Work to complete:
What should be copied is the stretch of entries below from the line with "CLARICE CLIFF, SPRING" up to and including the line with "Constructed from a", exactly and without images.

Data for the task:

------------

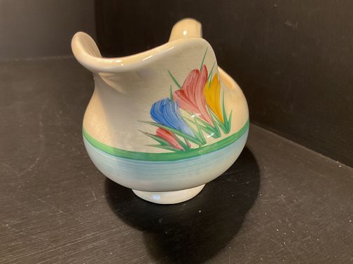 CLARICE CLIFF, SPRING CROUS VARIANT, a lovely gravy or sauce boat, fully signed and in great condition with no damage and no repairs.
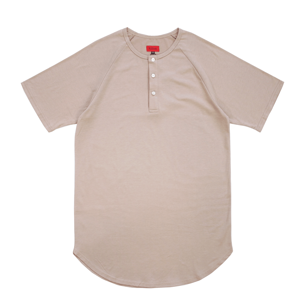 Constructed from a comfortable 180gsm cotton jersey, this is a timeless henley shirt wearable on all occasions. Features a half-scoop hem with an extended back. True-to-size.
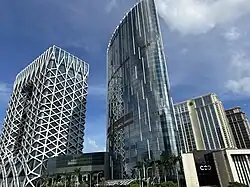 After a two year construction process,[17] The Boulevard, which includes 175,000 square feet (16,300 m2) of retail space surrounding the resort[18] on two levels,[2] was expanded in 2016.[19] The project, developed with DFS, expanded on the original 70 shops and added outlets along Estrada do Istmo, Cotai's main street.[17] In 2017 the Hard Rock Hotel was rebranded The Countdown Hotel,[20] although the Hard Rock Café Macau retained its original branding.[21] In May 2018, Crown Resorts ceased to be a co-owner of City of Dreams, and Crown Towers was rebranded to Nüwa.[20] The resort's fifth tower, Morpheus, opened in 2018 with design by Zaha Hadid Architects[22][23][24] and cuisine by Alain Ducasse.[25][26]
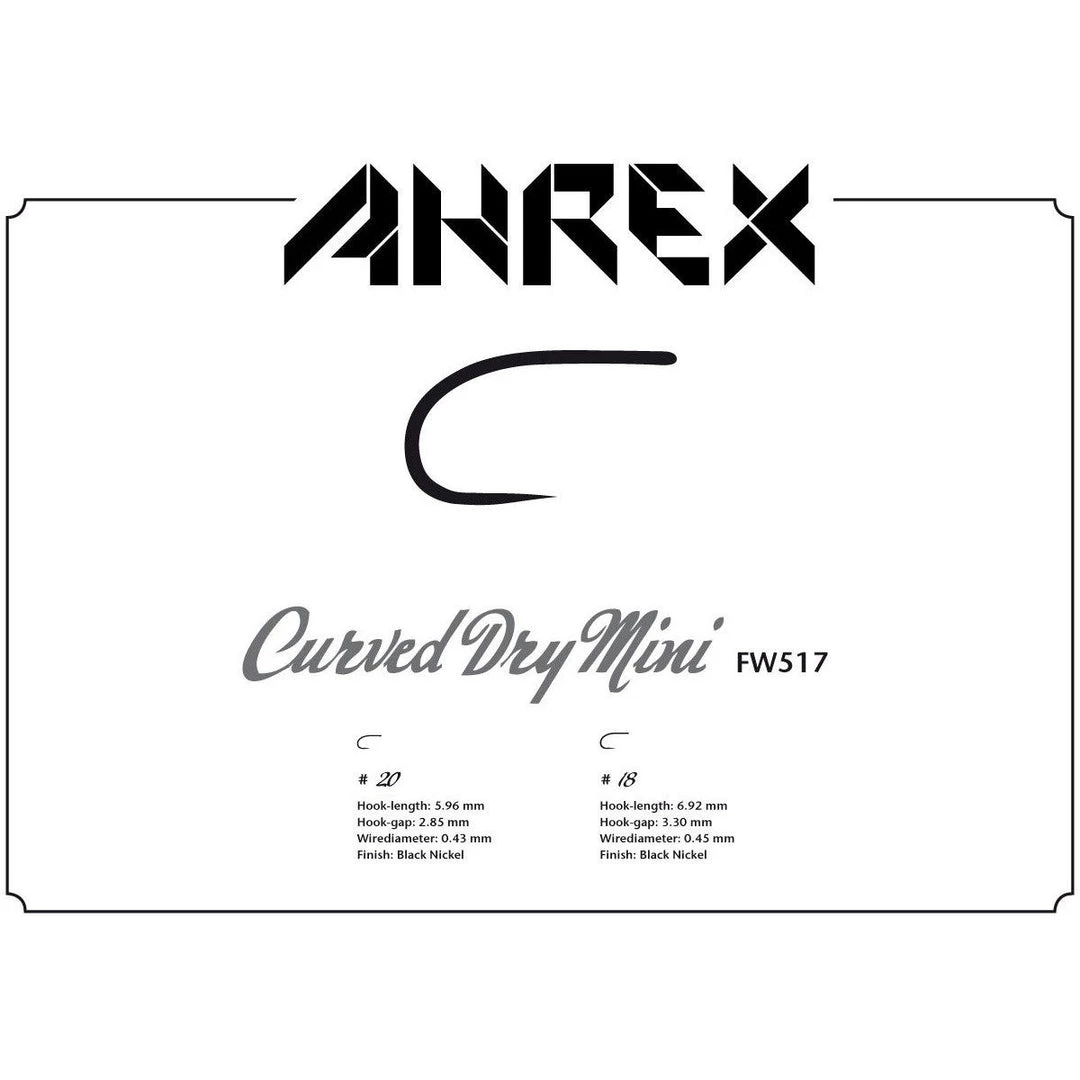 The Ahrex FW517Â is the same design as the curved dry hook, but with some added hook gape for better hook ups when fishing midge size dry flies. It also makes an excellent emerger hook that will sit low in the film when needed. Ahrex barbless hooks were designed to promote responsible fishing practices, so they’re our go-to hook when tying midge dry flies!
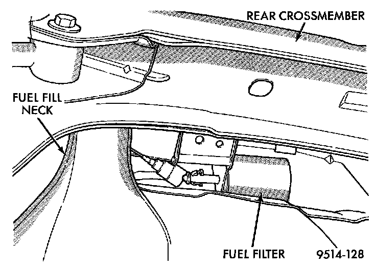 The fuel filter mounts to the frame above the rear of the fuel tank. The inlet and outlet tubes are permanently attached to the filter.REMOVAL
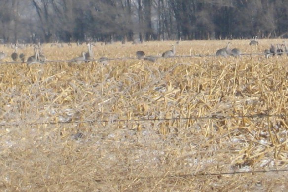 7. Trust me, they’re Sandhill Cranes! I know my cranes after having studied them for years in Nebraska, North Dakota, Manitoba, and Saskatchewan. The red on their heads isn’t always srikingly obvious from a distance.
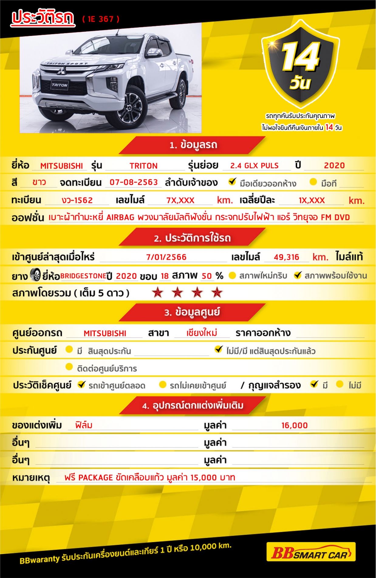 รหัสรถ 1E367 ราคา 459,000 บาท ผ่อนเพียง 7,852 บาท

------------

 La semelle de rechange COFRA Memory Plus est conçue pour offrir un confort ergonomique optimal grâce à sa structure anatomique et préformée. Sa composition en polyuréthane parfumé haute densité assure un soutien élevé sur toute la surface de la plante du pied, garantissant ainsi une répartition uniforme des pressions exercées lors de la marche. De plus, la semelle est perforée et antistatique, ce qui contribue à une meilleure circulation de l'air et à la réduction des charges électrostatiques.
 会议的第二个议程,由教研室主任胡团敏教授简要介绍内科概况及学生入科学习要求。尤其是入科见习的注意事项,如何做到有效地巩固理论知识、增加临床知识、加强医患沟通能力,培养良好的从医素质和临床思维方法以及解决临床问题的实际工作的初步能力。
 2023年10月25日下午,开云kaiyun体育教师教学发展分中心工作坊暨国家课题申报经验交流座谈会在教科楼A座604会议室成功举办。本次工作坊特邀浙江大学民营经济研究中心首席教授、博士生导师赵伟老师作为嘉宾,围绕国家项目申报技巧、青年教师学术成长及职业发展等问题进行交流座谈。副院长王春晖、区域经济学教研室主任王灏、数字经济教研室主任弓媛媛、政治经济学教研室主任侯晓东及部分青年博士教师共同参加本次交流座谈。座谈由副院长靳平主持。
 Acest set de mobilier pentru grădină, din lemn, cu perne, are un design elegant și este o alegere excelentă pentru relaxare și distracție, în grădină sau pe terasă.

------------

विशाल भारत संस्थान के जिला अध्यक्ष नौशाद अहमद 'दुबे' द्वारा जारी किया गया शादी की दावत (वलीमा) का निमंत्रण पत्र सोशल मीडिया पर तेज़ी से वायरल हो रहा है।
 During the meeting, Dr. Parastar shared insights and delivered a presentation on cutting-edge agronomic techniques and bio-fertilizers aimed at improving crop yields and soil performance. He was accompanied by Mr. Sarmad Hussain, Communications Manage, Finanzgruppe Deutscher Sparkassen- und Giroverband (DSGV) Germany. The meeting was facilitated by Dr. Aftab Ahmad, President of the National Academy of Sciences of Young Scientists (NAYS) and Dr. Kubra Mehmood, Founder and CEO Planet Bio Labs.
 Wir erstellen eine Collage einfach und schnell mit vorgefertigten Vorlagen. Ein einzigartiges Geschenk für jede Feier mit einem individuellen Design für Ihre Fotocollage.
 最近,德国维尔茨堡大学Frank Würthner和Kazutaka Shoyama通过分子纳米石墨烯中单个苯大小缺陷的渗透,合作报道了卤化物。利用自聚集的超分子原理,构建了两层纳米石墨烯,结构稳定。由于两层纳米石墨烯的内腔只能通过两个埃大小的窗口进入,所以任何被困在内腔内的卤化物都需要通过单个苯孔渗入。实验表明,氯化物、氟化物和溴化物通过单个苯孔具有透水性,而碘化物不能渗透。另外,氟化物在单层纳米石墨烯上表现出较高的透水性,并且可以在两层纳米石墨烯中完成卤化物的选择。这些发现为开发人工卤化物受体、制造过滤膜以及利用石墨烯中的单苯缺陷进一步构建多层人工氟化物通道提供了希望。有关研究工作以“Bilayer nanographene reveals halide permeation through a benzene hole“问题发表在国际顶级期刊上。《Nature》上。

------------

Response to the exercise:
 CLARICE CLIFF, SPRING CROUS VARIANT, a lovely gravy or sauce boat, fully signed and in great condition with no damage and no repairs.
 Constructed from a comfortable 180gsm cotton jersey, this is a timeless henley shirt wearable on all occasions. Features a half-scoop hem with an extended back. True-to-size.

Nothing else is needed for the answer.